Osservatorio Balcani e Caucaso, Italia
30 ott 2013
La sottile linea rossa del Nagorno Karabakh
Laurence Broers*
30 ottobre 2013
A vent'anni dal cessate il fuoco, il processo di pace in Nagorno
Karabakh è congelato. Per evitare la crescente militarizzazione delle
società armena e azera, e una nuova guerra, esistono molte strade che
possono essere percorse
Questo articolo è stato originariamente pubblicato su commonspace.eu
Il conflitto armeno-azero per il Nagorno Karabakh (NK) non attira
molti titoli di giornale in questo periodo, ma chi lo segue con
attenzione percepisce un crescente senso di urgenza. L'anno prossimo
saranno passati vent'anni dal cessate il fuoco: nonostante le cinque
diverse proposte e qualche scampato pericolo per il processo di pace,
il quadro generale è di arroccamento, crescente militarizzazione e
contagio del conflitto in tutte le sfere della vita politica in
Armenia e Azerbaijan.
Il rischio di una guerra per caso
L'Armenia e gli armeni del NK, vincitori della guerra del 1991-1994,
difendono con pervicacia lo status quo, occupando anche ampie fasce di
territorio azero. Territori una volta pedine di scambio sono sempre
più visti come organici e irrinunciabili. Mollare la presa diventa più
difficile ogni giorno che passa, ma conservare quei territori
rappresenta una dimostrazione di forza che indebolisce le pretese
armene su altri aspetti del conflitto.
L'Azerbaijan, trasformato nel corso degli ultimi cinque anni dalla
ricchezza prodotta dai petrodollari del Caspio, guida una corsa agli
armamenti da 4 miliardi di dollari l'anno. La retorica bellica è
diventata parte integrante del volto pubblico del regime di Aliyev,
chiudendo la porta ad alternative non violente. Al momento nessuno sa
che cosa significhi la promessa del "più alto livello di autonomia nel
mondo" per il Karabakh armeno; l'unico punto di riferimento è la
Regione Autonoma di epoca sovietica, che ci porta indietro di 25 anni
alle cause del conflitto. Una strategia di soft power per la
trasformazione nonviolenta del conflitto era possibile, ma nel corso
dell'ultimo decennio l'Azerbaijan sembra aver optato per le maniere
forti.
Tensioni e minacce reciproche non sono nuove, ma il militarismo
crescente va giudicato alla luce di altri due fattori. Il primo è
l'ampiezza del dispiegamento militare sul terreno: lungo una linea di
contatto di 160 miglia si fronteggiano circa 40.000 soldati, molti dei
quali matricole. Negli ultimi anni, le frequenti scaramucce hanno
causato un crescente numero di vittime. C'è un rischio concreto di
guerra accidentale, di un'escalation involontaria che sfugga di mano.

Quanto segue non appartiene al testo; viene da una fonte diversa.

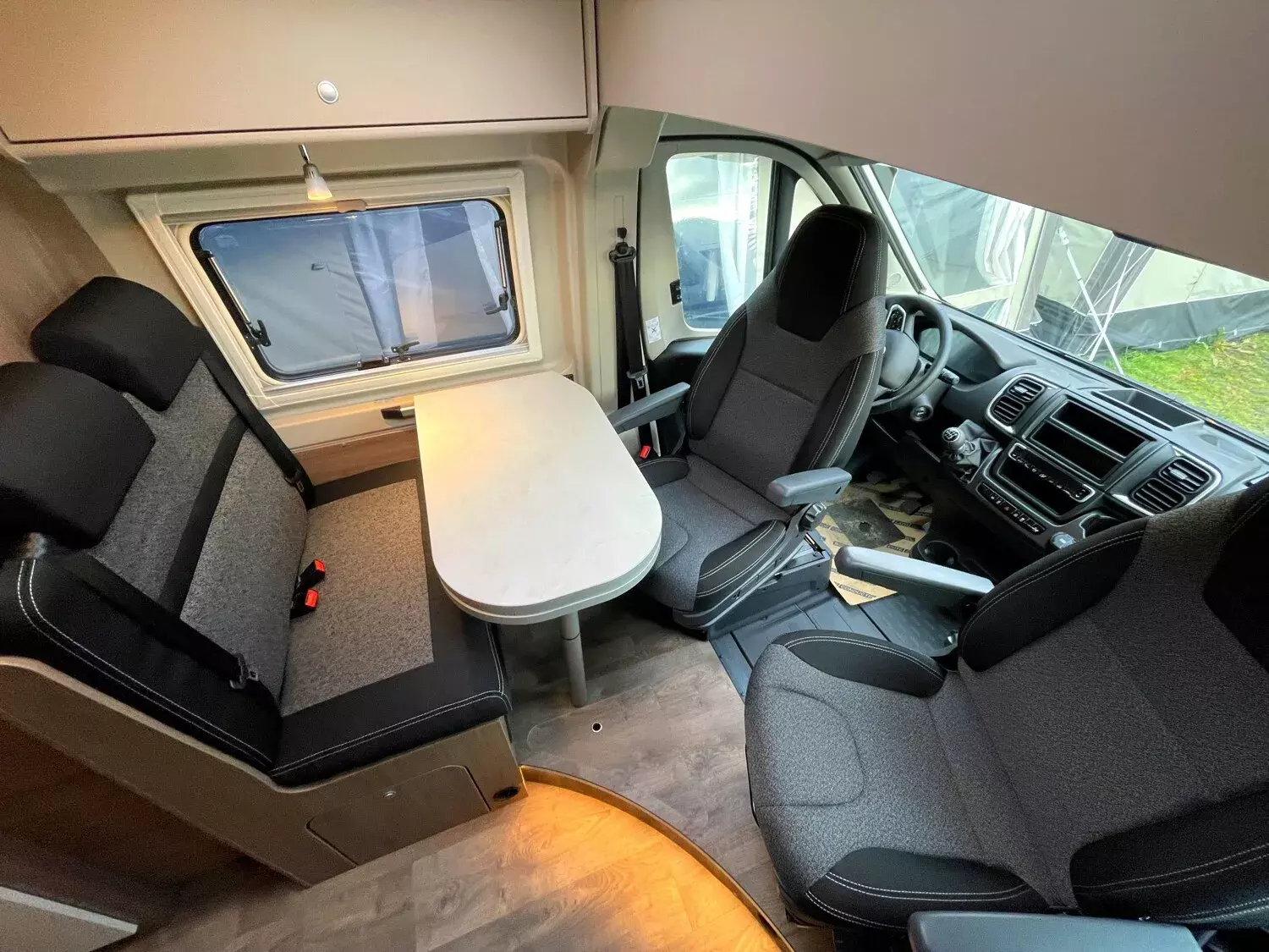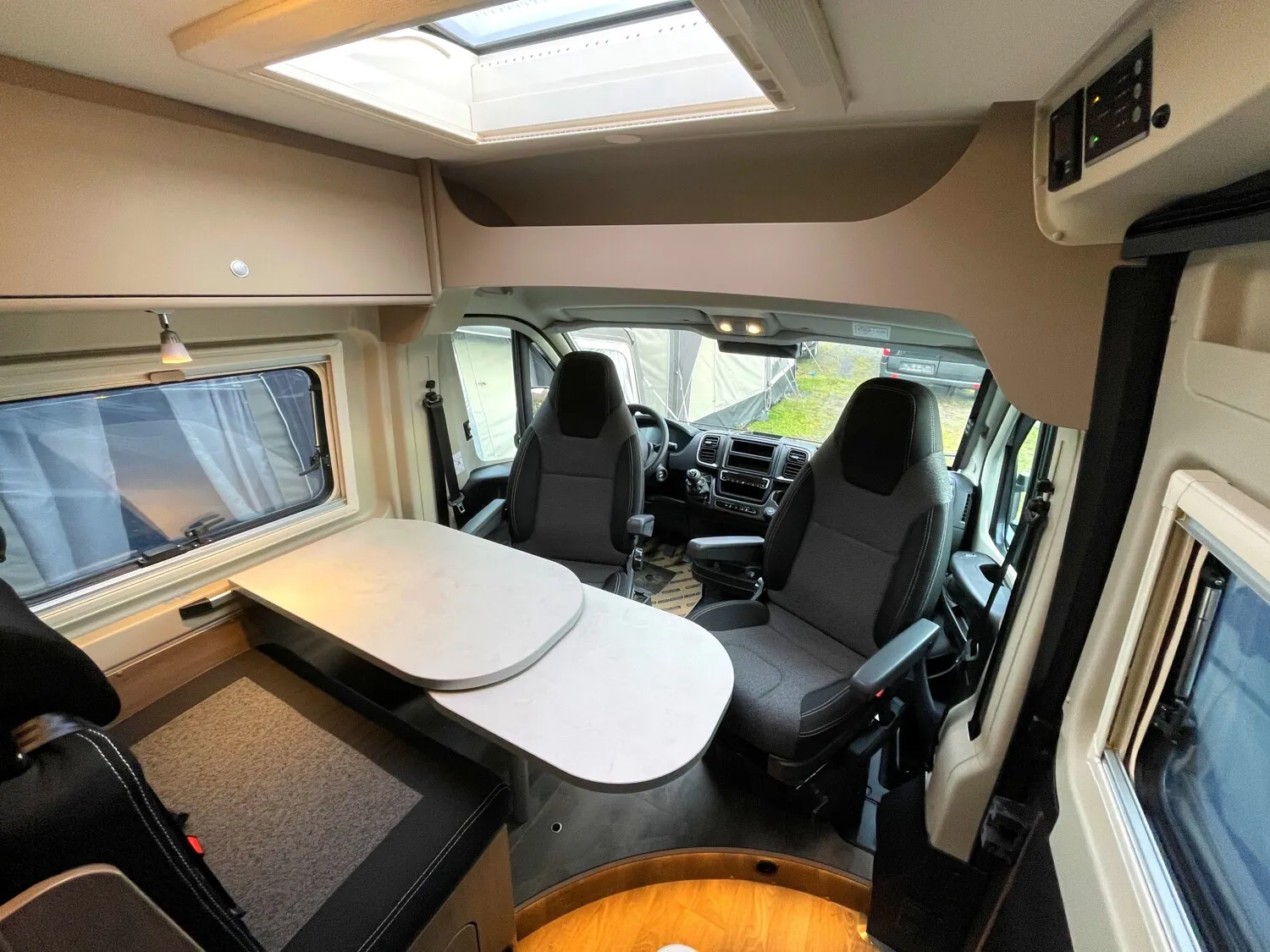- Basic-Paket (Carado CV 2024) (Dachhaube Midi- Heki 70 x 50 cm über Sitzgruppe|Duschausstattung (Brausekopf ausziehbar, Duschvorhang, Führungsschiene, Brausehalter)|Fenster im Bad |Kleiderstange in der Nasszelle|Breite Einstiegsstufe |Drehplatte für Tischerweiterung ander Sitzgruppe|Kabelvorbereitung für Rückfahrkamera)

Non ci sono linee di comunicazione lungo tutto il fronte, e la
capacità internazionale di condurre indagini sugli incidenti è minima.
Inoltre, gli armamenti di nuova acquisizione renderebbero una nuova
guerra molto più ampia e distruttiva della precedente. Con gli attuali
schemi di alleanza geopolitica, le ricadute potrebbero essere
difficili da circoscrivere. Improbabile una guerra dei cinque giorni
del genere visto in Georgia nel 2008; legittima la preoccupazione che
le leadership armene e azere si siano cacciate in un terribile gioco
di posizione con poco spazio di manovra.
La militarizzazione della società
Il secondo fattore è il lento deterioramento delle relazioni
Stato-società in entrambi i Paesi. Fare opposizione e promuovere il
pluralismo è diventato un gioco sempre più pericoloso: un gioco per
chi detiene il potere, pericoloso per chi lo mette in discussione. Il
numero di armeni che hanno deciso di esprimere il proprio dissenso
prendendo la via dell'emigrazione è un problema serio nel paese,
mentre l'Azerbaijan è stato scosso da esplosioni di protesta popolare
contro il malgoverno locale. Al di là della natura - esterna o interna
- di queste manifestazioni di scontento, è chiaro che il crescente
militarismo si sta sviluppando in un contesto di relazioni
Stato-società sempre più impoverite e disfunzionali, cosa che
ignoriamo a nostro rischio e pericolo.
Che cosa dovrebbe fare la comunità internazionale, ovvero noi? In
primo luogo, aggiornare il nostro kit di strumenti concettuali. Usare
per il Karabakh categorie intrinsecamente statiche, retrospettive e
intellettualmente pigre come `conflitto congelato', "né guerra, né
pace" o "conflitto post-sovietico" asseconda un senso di
autocompiacimento non giustificato dall'attuale situazione sul campo.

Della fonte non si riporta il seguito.